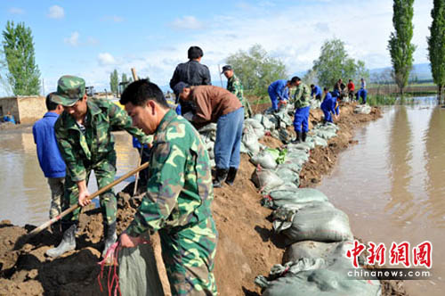 中新网伊宁5月5日电(戚亚平 关文玉)连日来,新疆伊犁巩乃斯河因积雪融化水位急剧上升,出现河水漫堤险情。在巩乃斯河新河大桥两岸,河水已经漫出河堤几十米,部分房屋、草场及农田被淹。
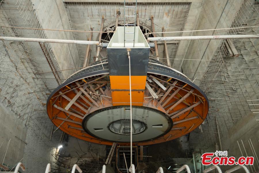 Unit 3 generator of the Huduxi Navigation and Hydropower Hub on Minjiang River is under construction in Qingshen, southwest China's Sichuan Province, Oct. 12, 2022. (Photo: China News Service/Liu Zhongjun)
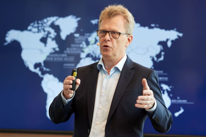 Volvo Trucks President Roger Alm discusses the OEM's Three-Pillar Decarbonization Plan with North American journalists at Volvo Group headquarters in Gottenburgh, Sweden.
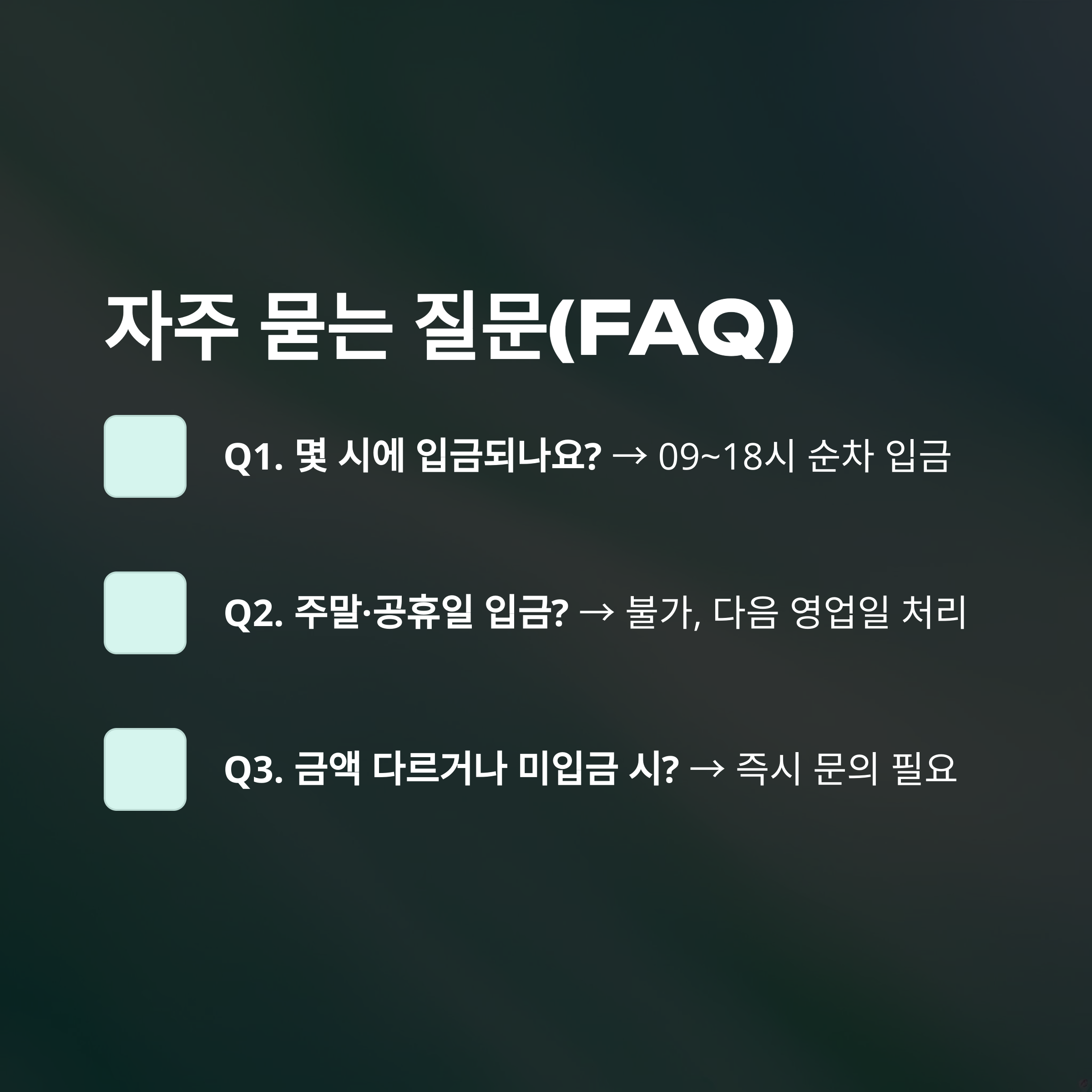 A. 오전 9시~오후 6시 사이 순차 입금, 평균 11~14시가 많습니다. - Q. 토요일이나 공휴일에도 입금이 되나요?

## THE TASK
Reproduce the whole listing verbatim. Pictures stay out of the copy.

## RESULT
 中新网伊宁5月5日电(戚亚平 关文玉)连日来,新疆伊犁巩乃斯河因积雪融化水位急剧上升,出现河水漫堤险情。在巩乃斯河新河大桥两岸,河水已经漫出河堤几十米,部分房屋、草场及农田被淹。
 Unit 3 generator of the Huduxi Navigation and Hydropower Hub on Minjiang River is under construction in Qingshen, southwest China's Sichuan Province, Oct. 12, 2022. (Photo: China News Service/Liu Zhongjun)
 Volvo Trucks President Roger Alm discusses the OEM's Three-Pillar Decarbonization Plan with North American journalists at Volvo Group headquarters in Gottenburgh, Sweden.
 A. 오전 9시~오후 6시 사이 순차 입금, 평균 11~14시가 많습니다. - Q. 토요일이나 공휴일에도 입금이 되나요?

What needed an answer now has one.